Он готовил меня к этому с самого детства.
— О, она хороша, это точно, — голос Гаса постепенно сходит на нет. Его мизинец покрыт белым порошком, и, опустив маску, он втягивает свежую дозу через нос.
Мой отец делает то же самое рядом с ним.
Необходимо протестировать продукт.
Или это просто предлог, чтобы нанюхаться.
У отца звонит телефон, и я стискиваю зубы.
— Можешь ответить снаружи? — стараясь контролировать тон, хотя внутри все кипит. — Это отвлекает.
— Что угодно для моей любимой маленькой ученой, Тыковка.
Я чуть не фыркаю. Ученой? Скорее варщицы метамфетамина, но кому какое дело до терминов.

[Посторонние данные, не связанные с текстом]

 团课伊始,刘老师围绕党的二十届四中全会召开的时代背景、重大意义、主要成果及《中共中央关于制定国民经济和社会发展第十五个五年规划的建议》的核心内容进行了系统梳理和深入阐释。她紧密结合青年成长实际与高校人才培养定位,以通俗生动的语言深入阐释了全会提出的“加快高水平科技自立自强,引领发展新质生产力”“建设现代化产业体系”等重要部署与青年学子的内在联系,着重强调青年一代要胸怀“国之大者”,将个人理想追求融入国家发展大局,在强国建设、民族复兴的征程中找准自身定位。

Как только дверь закрывается, я снова принимаюсь за измерения, игнорируя Гаса и его цепкий взгляд. Он всегда наблюдает за каждым моим движением. Называет себя моим дядей, но я точно знаю, что дяди не смотрят на племянниц так, как он смотрит на меня.
— Иди сюда, малышка.
Я молчу. Ложка дрожит в руке. Я бросаю взгляд на дверь и гадаю, когда вернется отец. Он редко реагирует на похабные комментарии своих друзей, и не раз закрывал глаза на их неуместные прикосновения. Но я продолжаю надеяться, что он заступится за меня хотя бы раз.
— Я сказал, иди сюда.
— Я не могу остановиться, иначе вся партия будет испорчена.

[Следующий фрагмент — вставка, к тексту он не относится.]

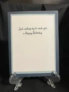 As the weather warms up I start to think about the water. For this card I wanted it to be a serene scene of the boat floating in the water. For the inside I stamped a simple birthday wishes.
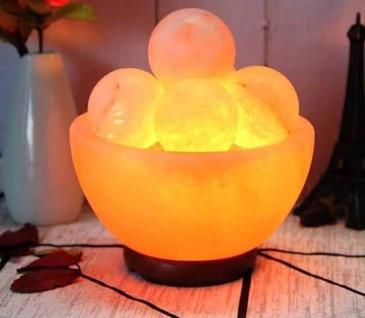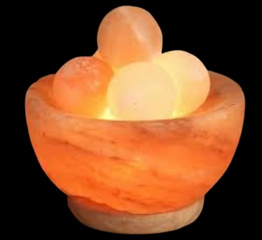 Pink Salt Bowl Lamp with Ball Shaped Small Rocks – Handcrafted Himalayan Salt Light for Relaxing Decor
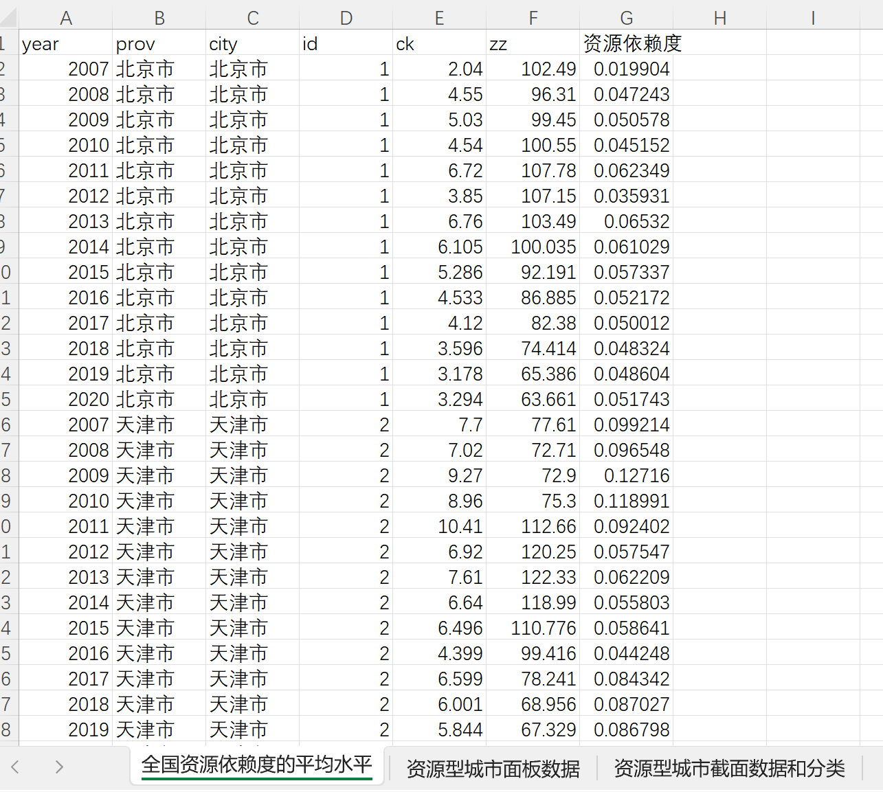 此外也单独整理了资源型城市的资源依赖度数据。有原始值和线性插值数据两种。可直接用于实证。
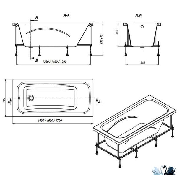 Цена указана только за емкость ванны. Панели, сифон, каркас приобретаются отдельно.
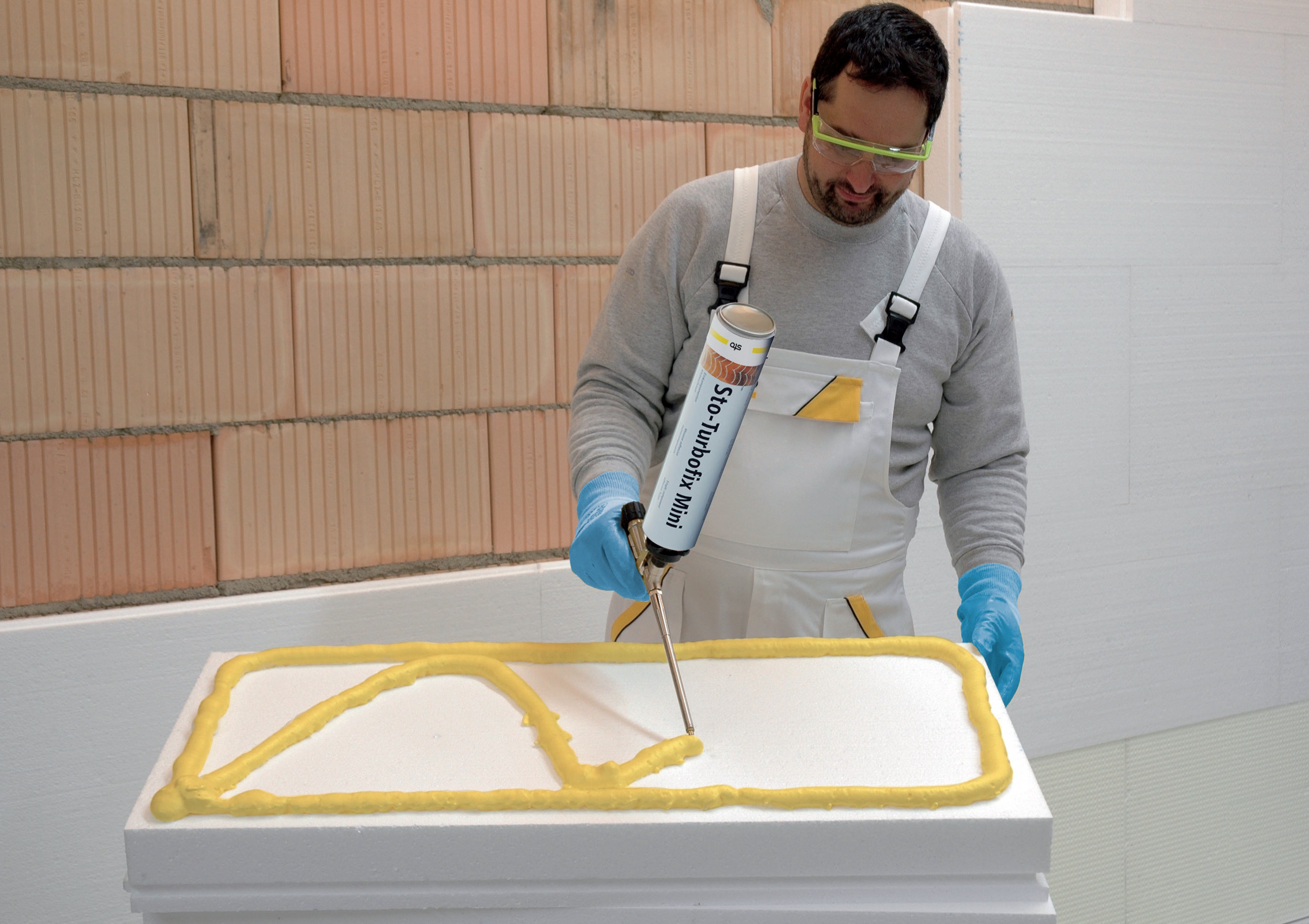 Le chef de produits Accessoires de Sto France, Thibault Lelong, explique : « Les machines de découpe et de ponçage répondent aux contraintes de nos différents isolants, tandis que nos produits comme Sto-Turbofix Mini et StoLevell Novo réduisent les efforts de manutention et accélèrent la mise en œuvre. C’est une approche globale qui a pour objectif (…) d’augmenter la productivité sur chantier et de préserver la santé des équipes ». Turbofix Mini est une mousse PU expansive en cartouche qui facilite le collage du PSE en offrant une adhérence rapide (2 h) le tout dans une cartouche qui équivaut à 25 kg de mortier-colle minéral. StoLevell Novo est, lui, un mortier hydraulique qui s’emploie pour le collage de la laine de roche ou du PSE, et en tant que sous-enduit de marouflage. Son avantage ? La légèreté, avec un sac de 15 kg au lieu de 25, ce qui réduit le risque pour le dos des compagnons.

Это ложь, но он об этом не знает.
— Ладно, тогда я подойду сам.
В груди все сжимается, а во рту пересохло. Колба передо мной начинает закипать, и если я не сосредоточусь, все пойдет к чертям. И я не знаю, что хуже — наказание отца за испорченный продукт или прикосновение Гаса.

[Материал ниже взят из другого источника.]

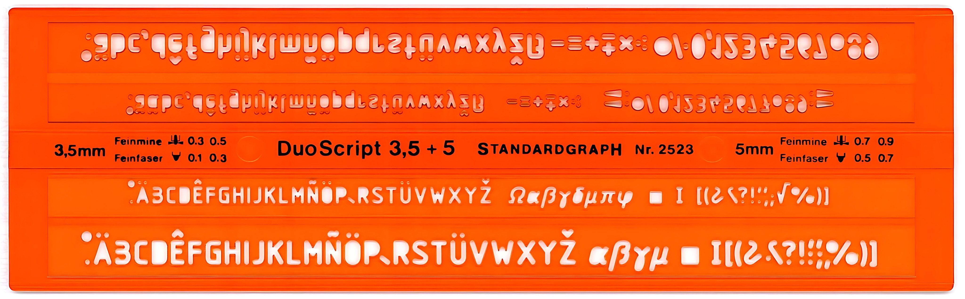 Standardgraph Schriftschablone DuoScript-Fineliner 1 Stück Schriftschablone 3,5 + 5mm für Feinmine 0,3;0,5 Feinfaser 0,1;0,3
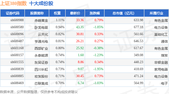 上证380(000009)指数十大成份股详情如下:
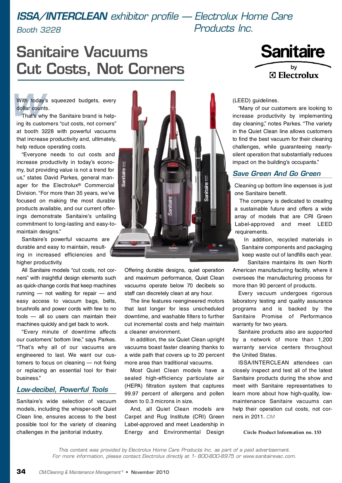 ISSA/INTERCLEAN exhibitor profile — Electrolux Home Care Products Inc. Booth 3228 Sanitaire Vacuums Cut Costs, Not Corners W With today’s squeezed budgets, every dollar counts. That’s why the Sanitaire brand is help-ing its customers “cut costs, not corners” at booth 3228 with powerful vacuums that increase productivity and, ultimately, help reduce operating costs. “Everyone needs to cut costs and increase productivity in today’s econo-my, but providing value is not a trend for us,” states David Parkes, general man-ager for the Electrolux ® Commercial Division. “For more than 35 years, we’ve focused on making the most durable products available, and our current offer-ings demonstrate Sanitaire’s unfailing commitment to long-lasting and easy-to-maintain designs.” Sanitaire’s powerful vacuums are durable and easy to maintain, result-ing in increased efficiencies and higher productivity. All Sanitaire models “cut costs, not cor-ners” with insightful design elements such as quick-change cords that keep machines running — not waiting for repair — and easy access to vacuum bags, belts, brushrolls and power cords with few to no tools — all so users can maintain their machines quickly and get back to work. “Every minute of downtime affects our customers’ bottom line,” says Parkes. “That’s why all of our vacuums are engineered to last. We want our cus-tomers to focus on cleaning — not fixing or replacing an essential tool for their business.” (LEED) guidelines. “Many of our customers are looking to increase productivity by implementing day cleaning,” notes Parkes. “The variety in the Quiet Clean line allows customers to find the best vacuum for their cleaning challenges, while guaranteeing nearly-silent operation that substantially reduces impact on the building’s occupants.” Save Green And Go Green Cleaning up bottom line expenses is just one Sanitaire benefit. The company is dedicated to creating a sustainable future and offers a wide array of models that are CRI Green Label-approved and meet LEED requirements. In addition, recycled materials in Sanitaire components and packaging keep waste out of landfills each year. Sanitaire maintains its own North American manufacturing facility, where it oversees the manufacturing process for more than 90 percent of products. Every vacuum undergoes rigorous laboratory testing and quality assurance programs and is backed by the Sanitaire Promise of Performance warranty for two years. Sanitaire products also are supported by a network of more than 1,200 warranty service centers throughout the United States. ISSA/INTERCLEAN attendees can closely inspect and test all of the latest Sanitaire products during the show and meet with Sanitaire representatives to learn more about how high-quality, low-maintenance Sanitaire vacuums can help their operation cut costs, not cor-ners in 2011. CM Circle Product Information no. 153 Low-decibel, Powerful Tools Sanitaire’s wide selection of vacuum models, including the whisper-soft Quiet Clean line, ensures access to the best possible tool for the variety of cleaning challenges in the janitorial industry. Offering durable designs, quiet operation and maximum performance, Quiet Clean vacuums operate below 70 decibels so staff can discretely clean at any hour. The line features reengineered motors that last longer for less unscheduled downtime, and washable filters to further cut incremental costs and help maintain a cleaner environment. In addition, the six Quiet Clean upright vacuums boast faster cleaning thanks to a wide path that covers up to 20 percent more area than traditional vacuums. Most Quiet Clean models have a sealed high-efficiency particulate air (HEPA) filtration system that captures 99.97 percent of allergens and pollen down to 0.3 microns in size. And, all Quiet Clean models are Carpet and Rug Institute (CRI) Green Label-approved and meet Leadership in Energy and Environmental Design This content was provided by Electrolux Home Care Products Inc. as part of a paid advertisement. For more information, please contact Electrolux directly at 1-800-800-8975 or www.sanitairevac.com. 34 CM/Cleaning & Maintenance Management ® • November 2010

— Не трогай меня, — предупреждаю я. Я пытаюсь вспомнить, что уже смешала, но не могу сосредоточиться.
— Почему нет?
— Потому что ты меня отвлекаешь, а я стараюсь все сделать правильно.
— Я отвлекаю тебя? — Его отвратительное, теплое дыхание смешивается с потом на моей шее. — Вот так?
Мокрые губы касаются моей кожи, и перед глазами все плывет.